The website rollout hasn’t saved the once iconic toy retailer. Saddled with $400 million in debt due in 2018, Toys R Us filed for bankruptcy protection late on Monday (Sept. 18). The company hasn’t yet received all of its inventory for the critical holiday season and could reportedly be cut off from future shipments. Its toy sales have declined for several years, a stark contrast with the overall industry and with toy sales at Amazon in particular, which rose 24% in 2016. (Toys R Us didn’t respond to a request for comment.)
It’s easy to forget that at the turn of the millennium, Toys R Us was a hot digital property. During the 1999 holidays, the company was so inundated with online orders that it fell behind on shipping and failed to get Christmas gifts to customers who had made their purchases weeks in advance, resulting in a $350,000 fine from the US Federal Trade Commission. In February 2000, Toys R Us received a $60 million investment from Japanese technology conglomerate SoftBank, the same investor that this year has thrown billions of dollars at many of Silicon Valley’s hottest tech startups. Several months later, Toys R Us announced a 10-year partnership to sell toys online with Amazon.
Under the terms of that deal, Toys R Us agreed to stock a wide variety of its most popular toys on Amazon in exchange for being Amazon’s exclusive seller of toys and baby products. The companies also agreed that Toys R Us would give up its online autonomy, with ToysRUs.com redirecting back to Amazon. Toys R Us paid Amazon $50 million a year plus a percentage of its sales through the Amazon site.

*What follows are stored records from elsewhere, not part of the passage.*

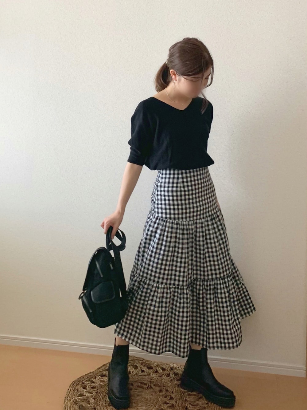 ずんのスカート「Back ribbon gingham check skirt / バックリボンギンガムチェックスカート」を使ったコーディネート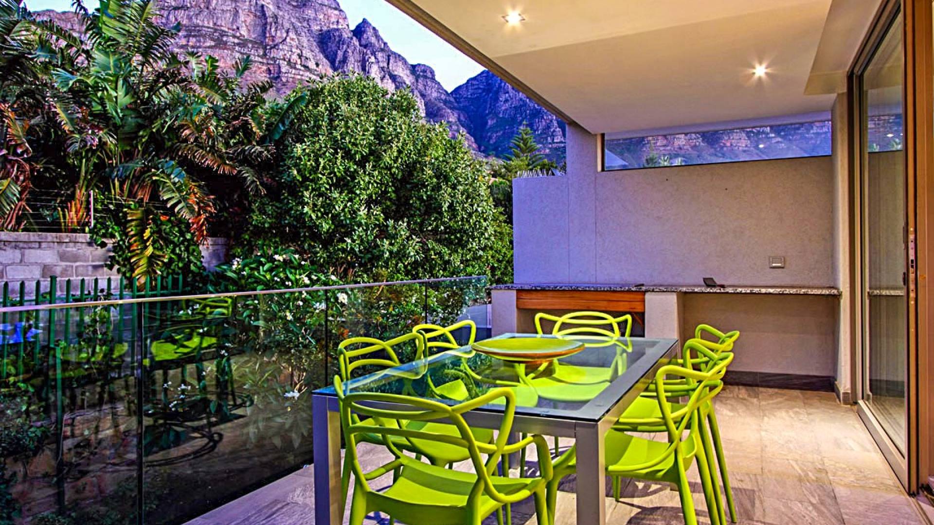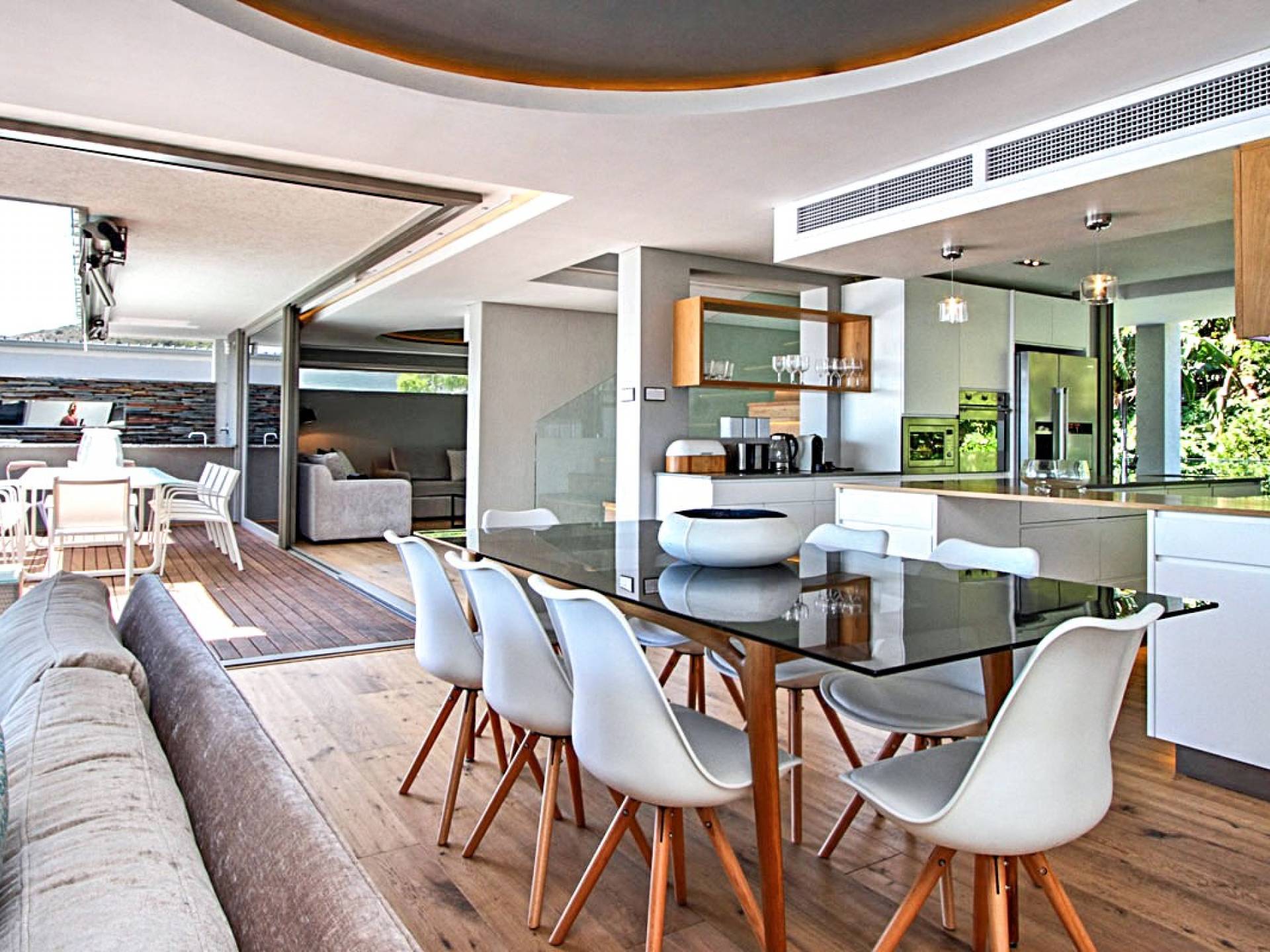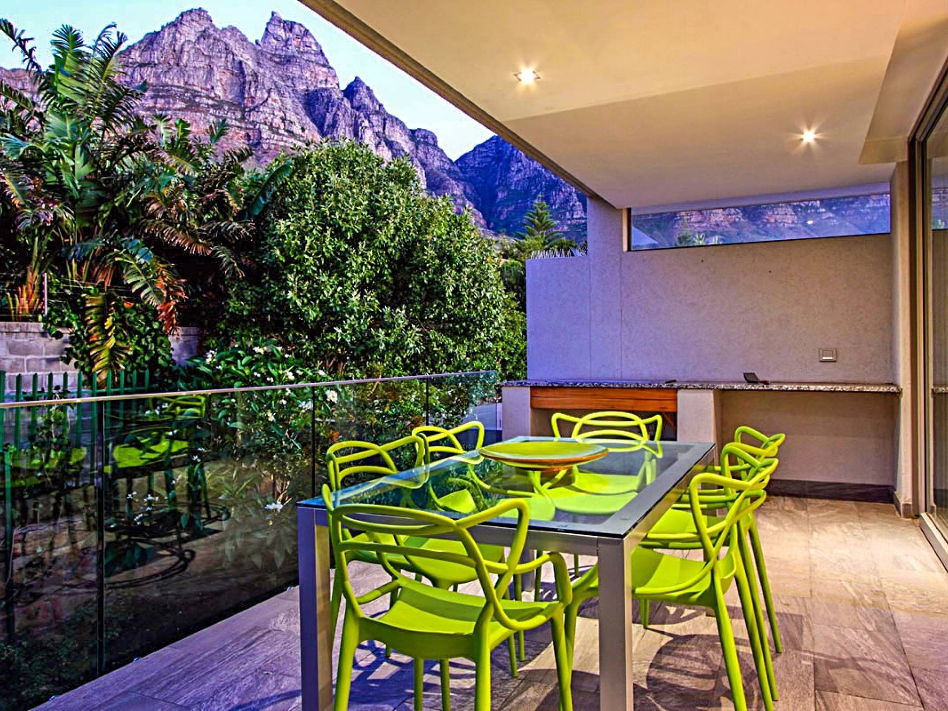 Salite le scale fino al secondo livello, spalancate le porte scorrevoli in vetro e preparatevi a lasciarvi togliere il fiato da un'ampia area soggiorno / intrattenimento con un salotto contemporaneo, TV HD curva, divani a forma di L, stato di fatto - una cantinetta per vino all'avanguardia e un tavolo da pranzo per otto persone. Adiacente al salone in questo bellissimo open space tipico del vivere moderno si trova una cucina completamente attrezzata, che vanta tutti i comfort necessari per il vostro soggiorno, tra cui una stufa a gas, due forni elettrici e piano cottura, doppio frigo / congelatore, macchina per il caffè e un retrocucina separato con lavatrice e asciugatrice e lavastoviglie. La cucina si apre su un fresco balcone sul retro che si affaccia sulla montagna con una splendida vista sulla funivia di Table Mountain e sui Dodici Apostoli. Questo balcone sul retro ha un barbecue a gas, un tavolo all'aperto con posti a sedere per sei persone per gustare la colazione al sole del mattino e un'area lounge all'aperto con comode sedie per un po 'di ombra pomeridiana. A completare questo magnifico livello abitativo c'è un'altra sala di intrattenimento separata, che dispone di comodi divani e tappeti, un televisore a schermo super grande e un sistema di intrattenimento high-tech con audio surround per quella serata al cinema.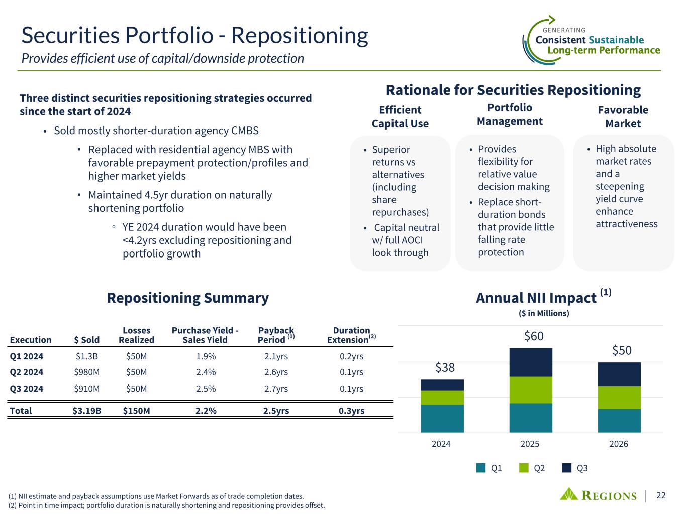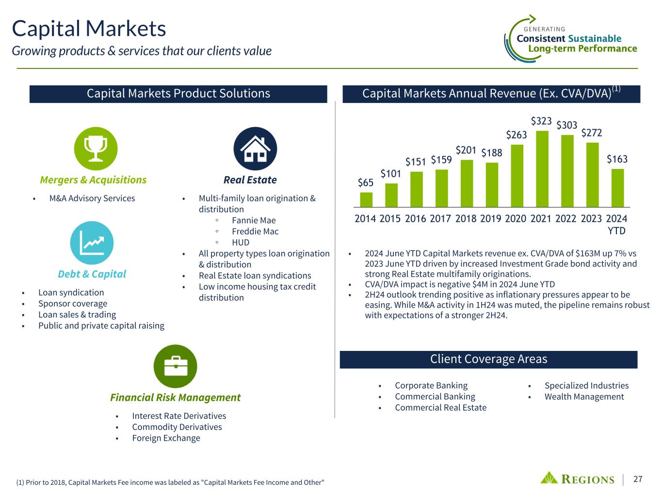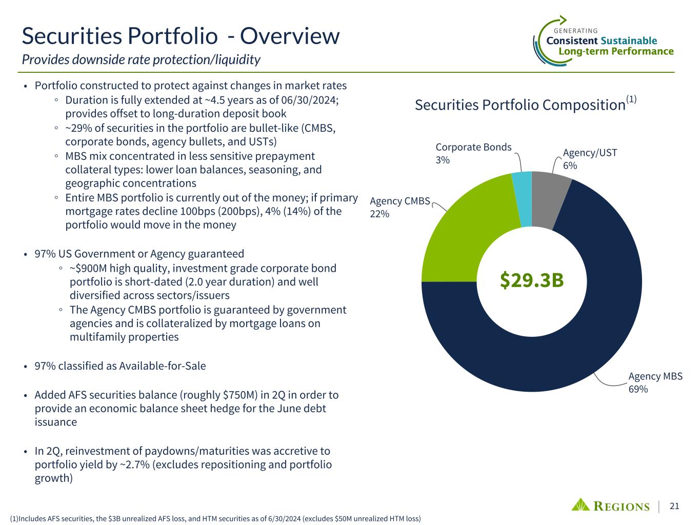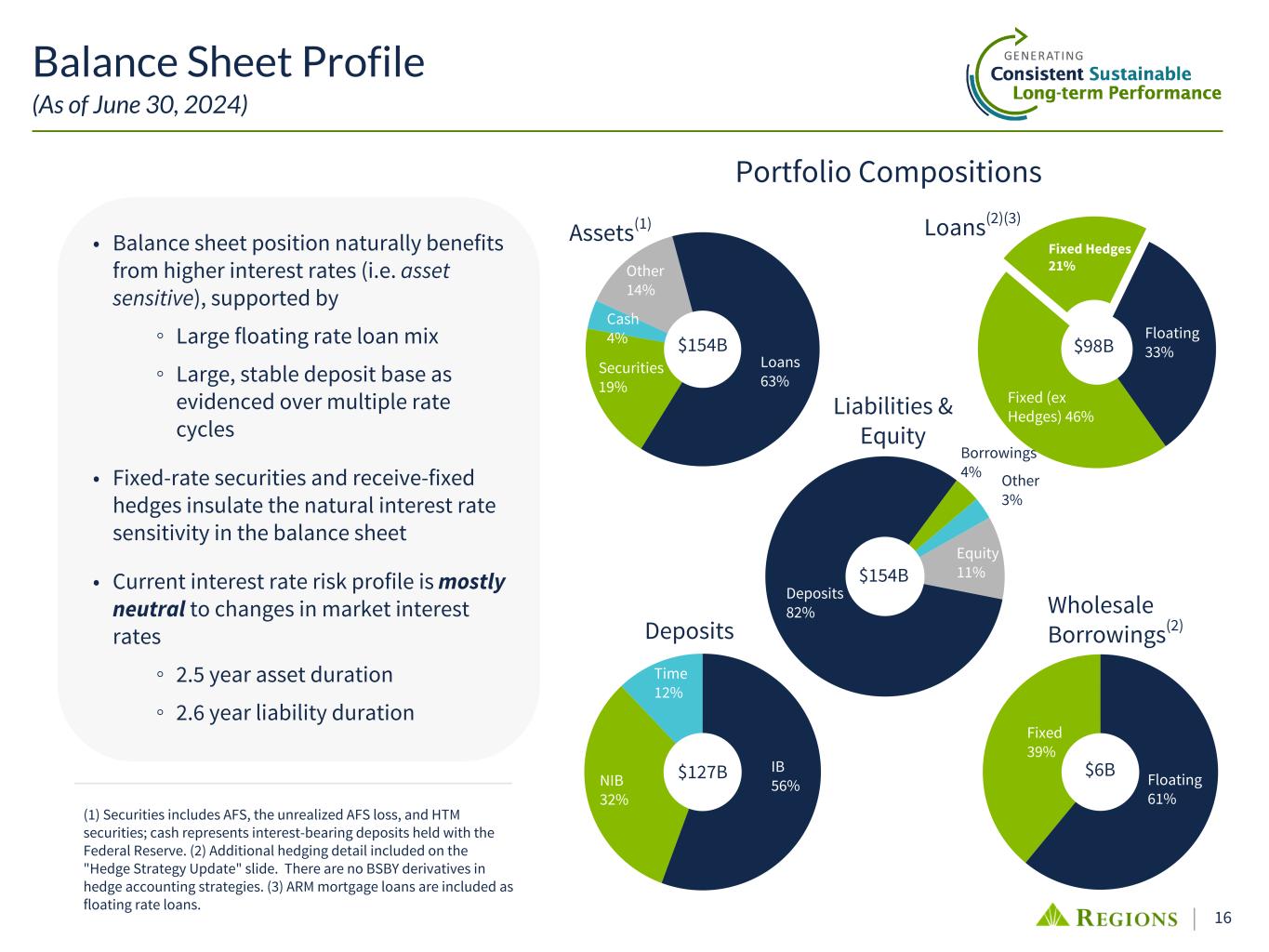 23 2) Held to Maturity (HTM) Accounting Designation (1) Information as of 6/30/2024; HTM AOCI adjusted for true Fair Value, AOCI in CET1 (No AFS Opt Out) includes AOCI related to AFS, HTM and Pension related obligations; Source: Call Reports, RC-R and RC-B. (2) Peers include: CFG, CMA, FHN, FITB, HBAN, HWC, KEY, MTB, PNC, SNV, TFC, USB, ZION. (3) Fair value hedging includes pay fixed swaps and other strategies currently in development, with the balance sheet duration likely offset through the addition of offsetting cash flow hedges against floating rate loans. Securities Portfolio - AOCI Management Positioned to manage level/exposure lower over time Pre-Tax AFS Unrealized Losses ($ in Billions) $(3.1) $(2.9) $(2.4) $(2.0) $(2.5) $(2.3) $(1.9) $(1.6) $(2.0) $(1.9) $(1.5) $(1.3) Pre Tax AFS (6/30/24) Pre Tax AFS (7/31/24) Pre Tax AFS (8/2/24) Spot YE 2024 YE 2025 YE 2026 (4.0) (2.0) 0.0 -4.3 -3.9 -3.8 -3.6 -3.4 -3.4 -2.8 -2.7 -2.3 -2.2 -2.1 -2.0 -1.8 -1.8 AOCI in CET1 (No AFS Opt Out) FV Adj. for HTM Total Pee r 1 Pee r 2 Pee r 3 Pee r 4 Pee r 5 Pee r 6 Pee r 7 Pee r 8 Pee r 9 RF Pee r 1 0 Pee r 1 1 Pee r 1 2 Pee r 1 3 -5.0 -4.0 -3.0 -2.0 -1.0 — Adj. AOCI in CET1 as % of Risk Weighted Assets(1,2) 6/30/2024 1) Shorter Duration AFS Portfolio • Bond selection • More fair value hedging in portfolio (3) Migrate AFS securities or add new purchases in HTM Currently patient, waiting for potential better rate entry point and regulatory clarity (i.e. timing / HTM treatment); holding elevated capital in interim 5yr UST: 6/30/24 - 4.38% 7/31/24 - 3.91% 8/2/24 - 3.62% • Pre-Tax unrealized losses on AFS Securities have declined since 6/30 quarter end given the move lower in market interest rates and are expected to decline further assuming market forward rates and expected paydowns ◦ Market value exposure of +/-100bps shock +/- $1.3B • AOCI associated with unrealized securities gains/ losses is expected to be included as a part of Tier 1 Capital once Basel IV rules are finalized (with phase in) ◦ Given Regions’ long duration deposit base, asset duration strategies will still be needed to mitigate inherent interest rate risk exposure • Various strategies may be implemented to reduce capital volatility in the future, including: Strategy Tactic Implementation

The joint toy store quickly became the top site for kids, and sales met or exceeded Amazon’s expectations in 2002. But Amazon wanted more. Jorrit Van de Meulen, an Amazon executive who works on toys, drafted a memo for children’s products in 2003. “Amazon has effectively ceded control of the toy and baby stores to [Toys R Us],” the memo noted. “This is not always a good thing.”
By spring 2003, other merchants were selling toys and baby goods on Amazon. That summer, Van de Meulen and Amazon CEO Jeff Bezos met with Toys R Us executives to demand greater variety in its merchandise. Competitors’ toy and baby products continued to appear on Amazon, including in search-related ads. In May 2004, Toys R Us sued Amazon.
Toys R Us came out ahead in court. The company won the right to terminate its 10-year deal with Amazon and reopen an independent website in 2006. Three years later, Amazon agreed to pay $51 million to settle the dispute. But the deal dealt an early blow to the company’s digital efforts, training it to rely on Amazon instead of curating its own e-commerce platform and identity, so that it still had “10 years of innovation” to catch up on as of this spring. Since then, online shopping has eaten away at brick-and-mortar sales and Amazon become a formidable competitor.
And Toys R Us is yet another retailer whose early partnership with Amazon didn’t work out.
This story was updated after Toys R Us filed for bankruptcy protection on Sept. 18.